Werden Abfälle als Zuschlagstoff in Reitböden eingesetzt, müssen diese abfallrechtlich als ‚Produkt‘ eingestuft werden und dafür definierten Kriterien erfüllen. Erfahrungsgemäß erreichen beigemischte Kunststoffe und auch die Reitböden nicht das Ende der Abfalleigenschaft, weshalb Entsorgungswege für dieses Produkt gefunden werden müssen, da es den Kriterien des § 5 des KrWG widerspricht.
Auch die Antwort der Landesregierung auf die Kleine Anfrage 1421 (17/3543) belegt, dass in Nordrhein-Westfalen die Zugabe von Zuschlagstoffen weder dokumentiert noch anderweitig erfasst wird. Eine sachgemäße Entsorgung für diese Gemische ist demnach nicht gewährleistet, wodurch einige Reitböden privaten Sondermülldeponien gleichkommen.
Bei den verwendeten synthetischen Zuschlagstoffen handelt es sich somit in der Regel um Produktreste, die aus einer Herstellung für ein anderes Produkt, beziehungsweise für einen anderen Markt erfolgt ist. Diese Produkte sind zumeist nicht oder nicht ausreichend hinsichtlich ihrer umwelt- und gesundheitsbezogenen Auswirkungen geprüft, insbesondere in Bezug auf eine nachträgliche Verwendung in Reitböden. Daher sind ebenfalls die Hersteller von Reitböden in die Entsorgungsverantwortung von ausgedienten Reitböden mit einzubeziehen, insbesondere wenn es sich bei den vermengten Materialien um schädliche Inhaltsstoffe handelt und der Reitboden demnach als Sondermüll zu deklarieren wäre.
Eine ausreichende Information des Herstellers bezüglich der Zusammensetzung und der Umwelt- und Gesundheitsauswirkungen der Gemische gilt es gegenüber den Abnehmern sicherzustellen. Die Tretschichten auf Reitböden sind vermutlich ein beispielhaftes Produkt, über das Stoffe in die Umwelt gelangen, die bezüglich ihrer Wirkung auf das Ökosystem nicht ausreichend überprüft wurden. Daher gilt es zu prüfen, für welche anderen Bereiche und Produkte sich gegebenfalls ähnliche Probleme aufweisen.

III.  Der Landtag fordert die Landesregierung auf:

1.     Einen Kriterienkatalog für Zuschlagstoffe in Reitböden zu erstellen, der zukünftig die Beimischung von toxischen Zuschlagstoffen, wie beispielweise Kabelreste, untersagt.

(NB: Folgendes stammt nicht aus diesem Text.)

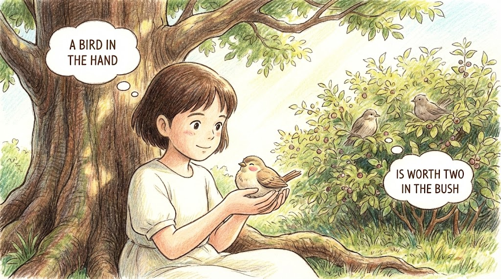 내 손안에 이미 잡은 새 한 마리가 숲속(Bush)에 있어서 잡을 수 있을지 없을지 모르는 두 마리보다 훨씬 가치 있다는 뜻입니다. 욕심부리다가 이미 가진 것마저 잃지 말고, 작더라도 현재 확실하게 확보한 이익에 만족하라는 교훈을 줍니다.

2.     Eine Informationspflicht der Hersteller gegenüber den Reitbetrieben über die Zusammensetzung und Umweltauswirkungen der Tretschichten zu entwickeln und gesetzlich zu verankern.

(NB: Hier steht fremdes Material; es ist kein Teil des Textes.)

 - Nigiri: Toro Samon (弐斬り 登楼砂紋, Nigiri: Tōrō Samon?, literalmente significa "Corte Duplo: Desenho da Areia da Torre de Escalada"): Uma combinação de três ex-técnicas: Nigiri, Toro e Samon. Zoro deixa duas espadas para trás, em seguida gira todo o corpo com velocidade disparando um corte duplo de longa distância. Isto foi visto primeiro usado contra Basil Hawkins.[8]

3.     Maßnahmen zu ergreifen, um eine sachgemäße Entsorgung von ausgedienten Reitböden sicherzustellen und Entsorgungswege für betroffene Reitplatzbesitzerinnen und –Besitzer aufzuzeigen. Diesbezüglich sind auch die Hersteller in die Pflicht der Entsorgung mit einzubeziehen.
4.     Technische und wissensbasierte Forschungsprojekte zu fördern, die einerseits Möglichkeiten zur restlosen Entfernung von synthetischen Zusätzen aus ausgedienten Reitböden und andererseits die Gesundheits- und Umweltauswirkungen von Zuschlagstoffen erforschen.
5.     Eine Informationskampagne zu initiieren, um Reitplatzbesitzerinnen und –besitzer für mögliche umwelt- und gesundheitsbezogene Auswirkungen von synthetischen Zuschlagstoffen zu sensibilisieren und Vorteile des Einsatzes umweltfreundlicher Zuschlagstoffe hervorzuheben. Dazu gehört auch, Reitbetrieben taugliche und ökologisch verträglichere Alternativen aufzuzeigen.